So, get to the gym and get in shape. Get out and meet people. Get a hobby. Start enjoying yourself. I know you're crushed and can't imagine enjoying yourself, but you need to fake it. The act of smiling can actually improve your mood. So can doing enjoyable things when you would rather be sitting on your couch crying.

Oftentimes, the disloyal spouse will see the loyal spouse begin to pull away and realize that he is in danger of losing his family. This will sometimes snap him back to reality and he will recommit to the marriage. If that works, great. If not, at least you will be a more attractive person when you get back on the dating market.

Good luck.

http://www.network54.com/Forum/233195/thread/1302875291/last-1302891381/The+180


----------



## ShatteredinAL (Feb 5, 2012)

Thanks for the replies.
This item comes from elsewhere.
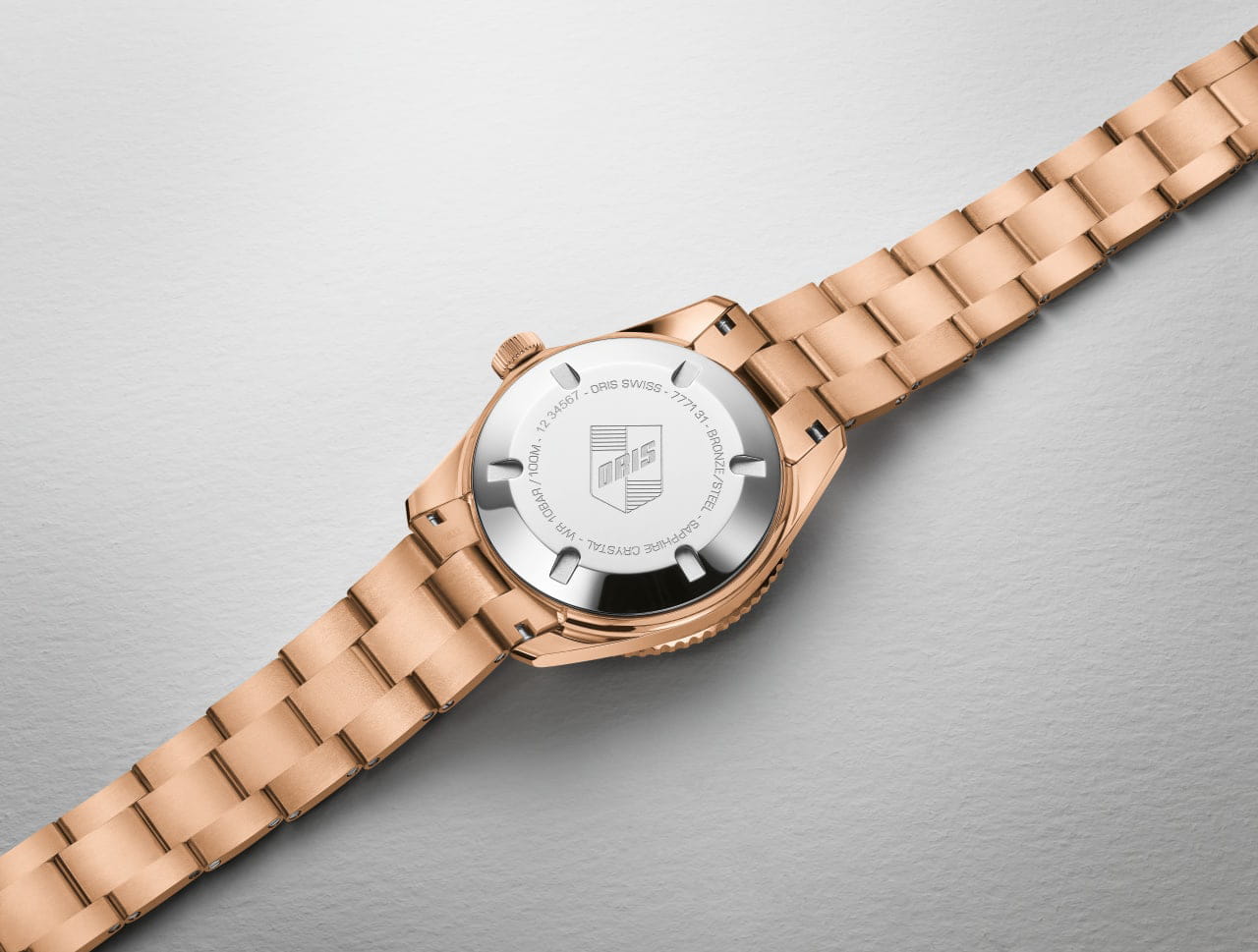 Многокомпонентный бронзовый корпус, бронзовый вращающийся безельБезельВнешний ободок, закрепляющий стекло. В спортивных часах так называется поворотное кольцо с делениями на циферблате, выполняет роль таймера – замеряет отрезки времени на шкале. Неподвижный безель – элемент декора. Однонаправленно вращающийся безель на дайверских часах позволяет фиксировать моменты погружения и выныривания на поверхность. с минутной шкалой. Сапфировое стеклоСапфировое стеклоПрочный и надёжный материал из кристалла сапфира синтетического происхождения, характеризующийся особой твёрдостью и устойчивостью к царапинам и повреждениям., выпуклое с обеих сторон, внутреннее антибликовое покрытие. Прозрачная задняя крышка из сапфирового стеклаСапфировое стеклоПрочный и надёжный материал из кристалла сапфира синтетического происхождения, характеризующийся особой твёрдостью и устойчивостью к царапинам и повреждениям.. Стрелки и метки с люминесцентным покрытиемЛюминесцентное покрытиеПозволяет считывать показания времени в темноте. Производители наносят на стрелки, часовые индексы, безель или поверхность циферблата светонакопительный состав, дающий холодное свечение.. Завинчивающаяся заводная головка.

Things have settled down a little. The w*ore quit her job, so they're not working together anymore at least. I'm still struggling with anger and depression. Some days are better than others. I sent her a message through Facebook telling her that there would be NO contact between the two of them ever again. I told her I tolerated the BS for as long as I was willing to. She responded by blocking me, but at least I know that she read it. I wish I had said so much more, but w/e. I have such deep seeded hatred for her it's scary. I know he is just as much to blame for how I feel, but I need him. As much as I hate to admit it, I do love and need him more than ever. There are times that I want to tell him to get out, but there are times that I can't stand to be 5 feet away from him. I ripped all the pictures of our past vacations off the wall. All of those memories are tainted now. I stopped wearing my wedding ring. I just want to feel normal again . We can't afford MC, and since the both of us work full time there's no time for anything like that anyway. I'm so confused. Thanks for letting me vent though. It does seem to help a little.


----------